* [ASSIGNED TASK]
Below are the records; repeat exactly their lines between the line holding "Great Britain: National" and the line holding "מראה עגולה |", inclusive, skipping the pictures.

::: TASK MATERIAL :::

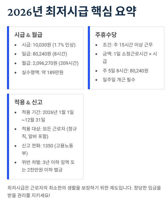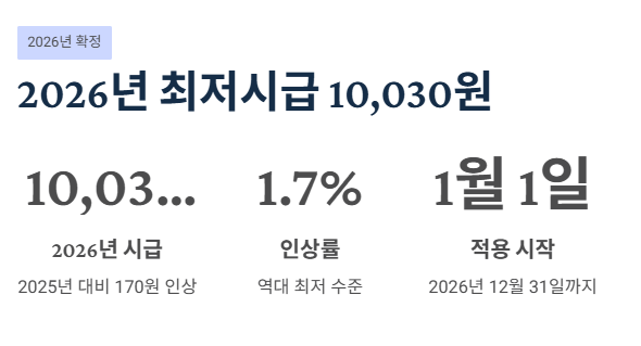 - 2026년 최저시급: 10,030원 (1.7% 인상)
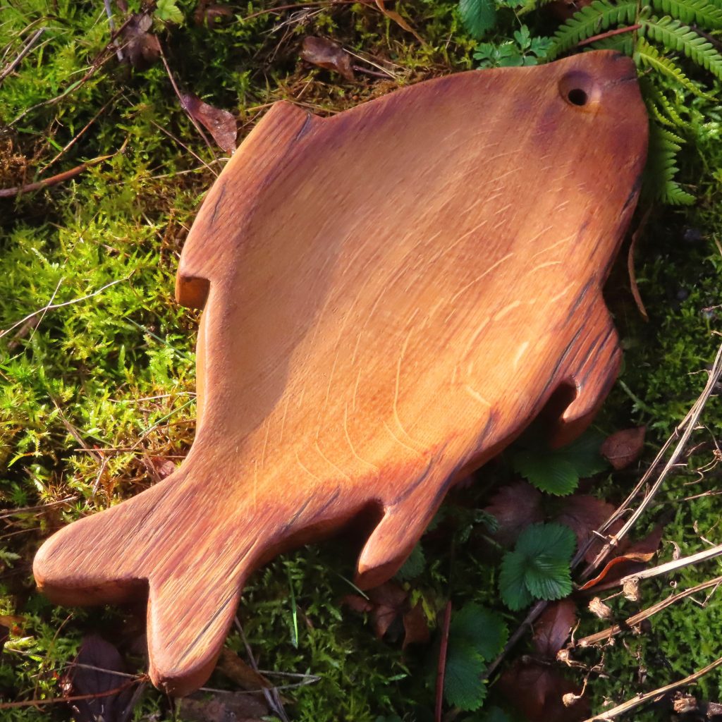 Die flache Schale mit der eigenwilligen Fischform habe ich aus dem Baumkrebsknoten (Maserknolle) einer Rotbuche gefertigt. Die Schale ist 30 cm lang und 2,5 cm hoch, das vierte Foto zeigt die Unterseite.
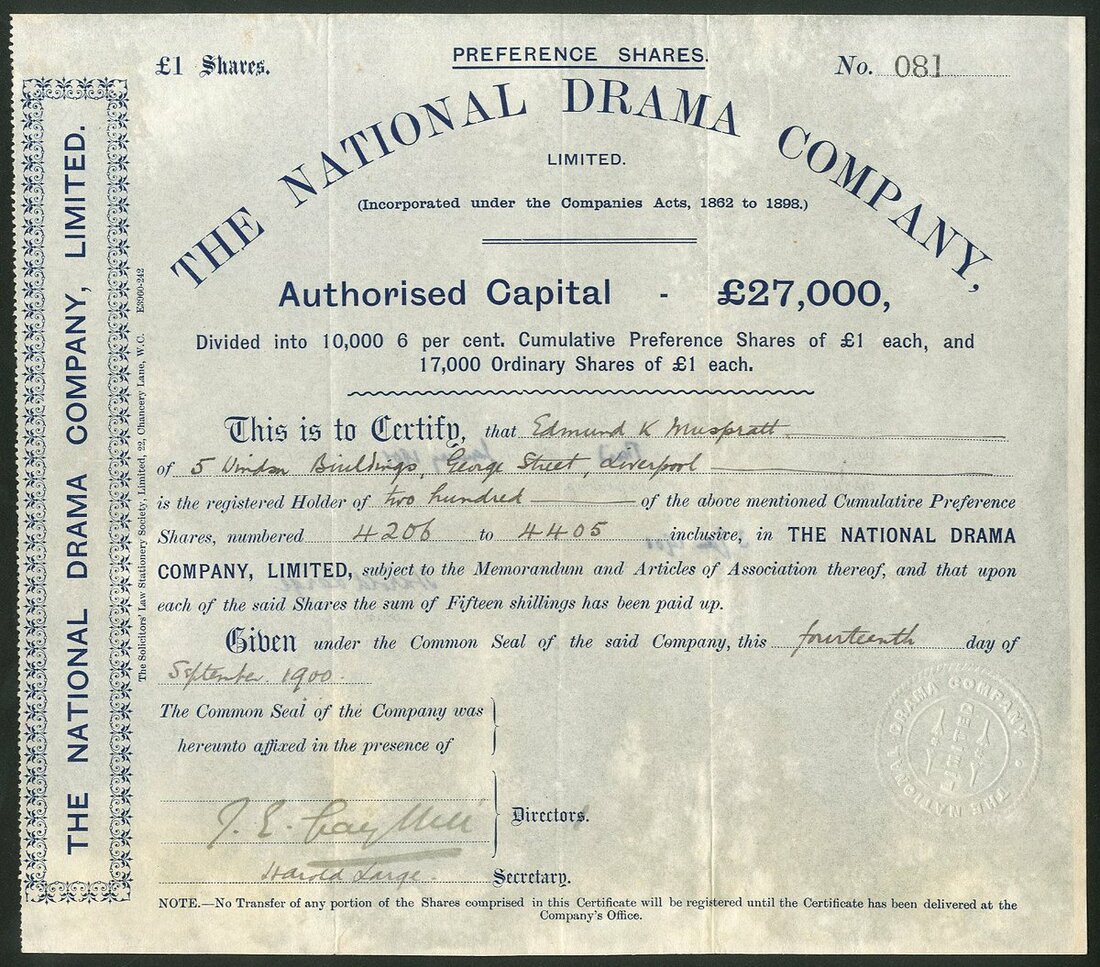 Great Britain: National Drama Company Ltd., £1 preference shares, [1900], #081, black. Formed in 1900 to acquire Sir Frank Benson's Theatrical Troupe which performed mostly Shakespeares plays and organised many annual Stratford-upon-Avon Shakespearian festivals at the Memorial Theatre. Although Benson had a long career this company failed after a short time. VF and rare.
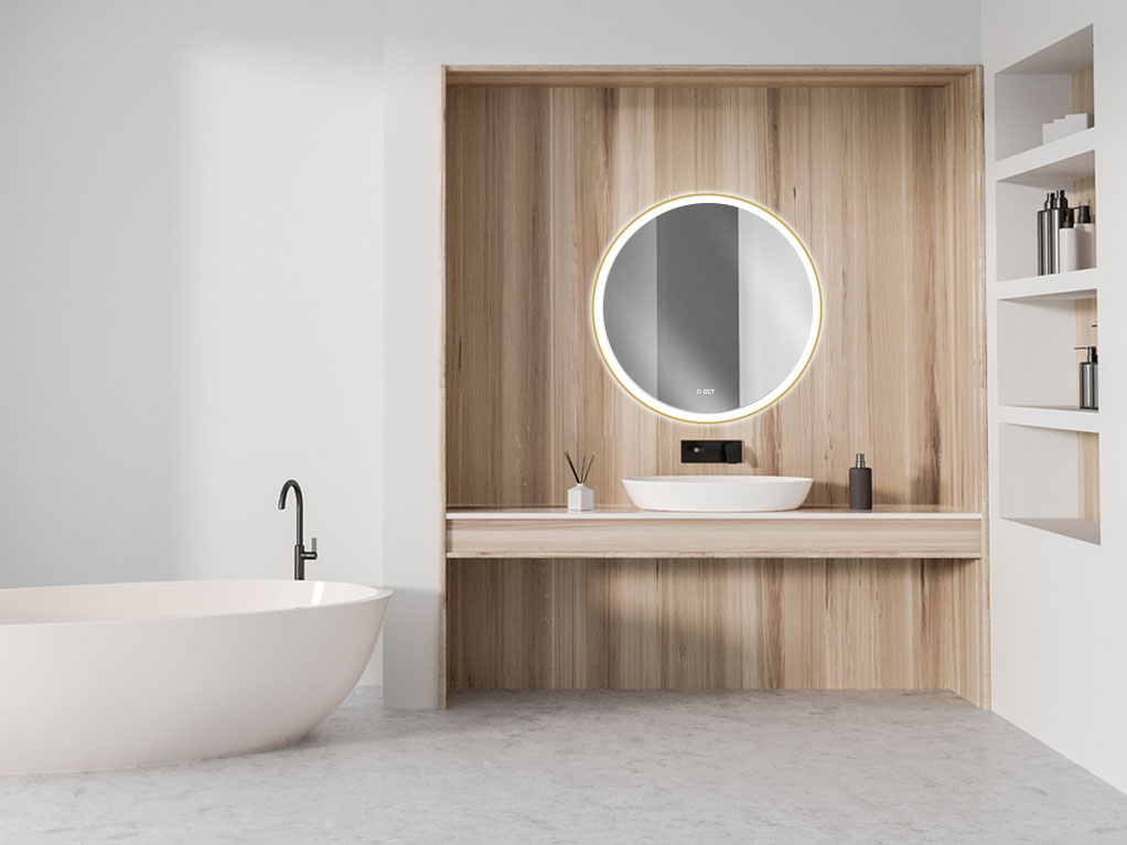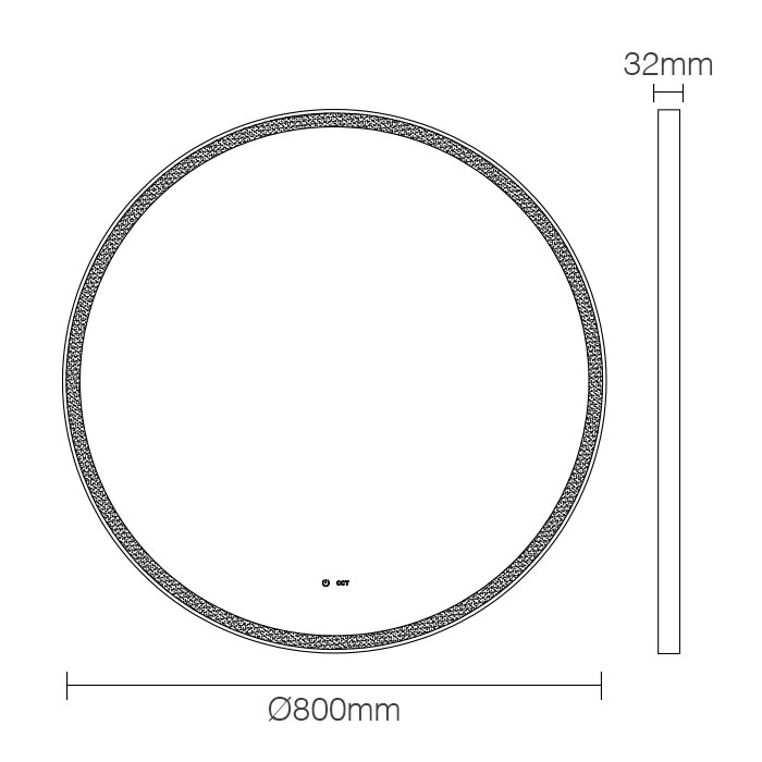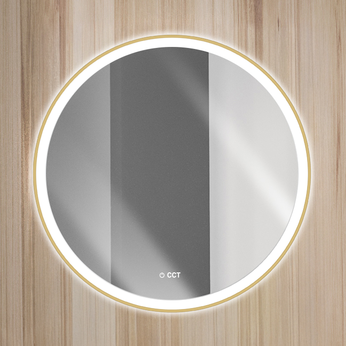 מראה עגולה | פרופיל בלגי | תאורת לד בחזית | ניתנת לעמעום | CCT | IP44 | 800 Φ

:::
::: TASK MATERIAL :::

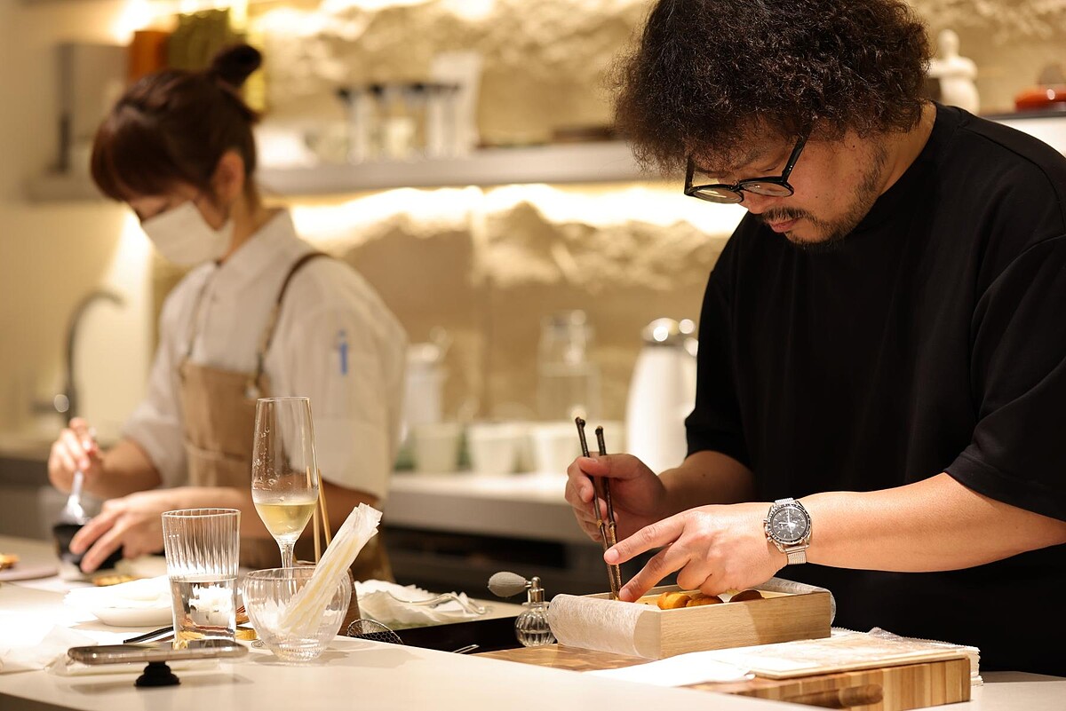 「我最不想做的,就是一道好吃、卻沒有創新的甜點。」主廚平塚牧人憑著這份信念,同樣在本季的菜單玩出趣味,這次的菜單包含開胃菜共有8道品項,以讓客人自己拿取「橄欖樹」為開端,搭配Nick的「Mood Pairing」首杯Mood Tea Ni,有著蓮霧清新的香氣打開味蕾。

:::

* [EXPECTED OUTPUT]
 Great Britain: National Drama Company Ltd., £1 preference shares, [1900], #081, black. Formed in 1900 to acquire Sir Frank Benson's Theatrical Troupe which performed mostly Shakespeares plays and organised many annual Stratford-upon-Avon Shakespearian festivals at the Memorial Theatre. Although Benson had a long career this company failed after a short time. VF and rare.
 מראה עגולה | פרופיל בלגי | תאורת לד בחזית | ניתנת לעמעום | CCT | IP44 | 800 Φ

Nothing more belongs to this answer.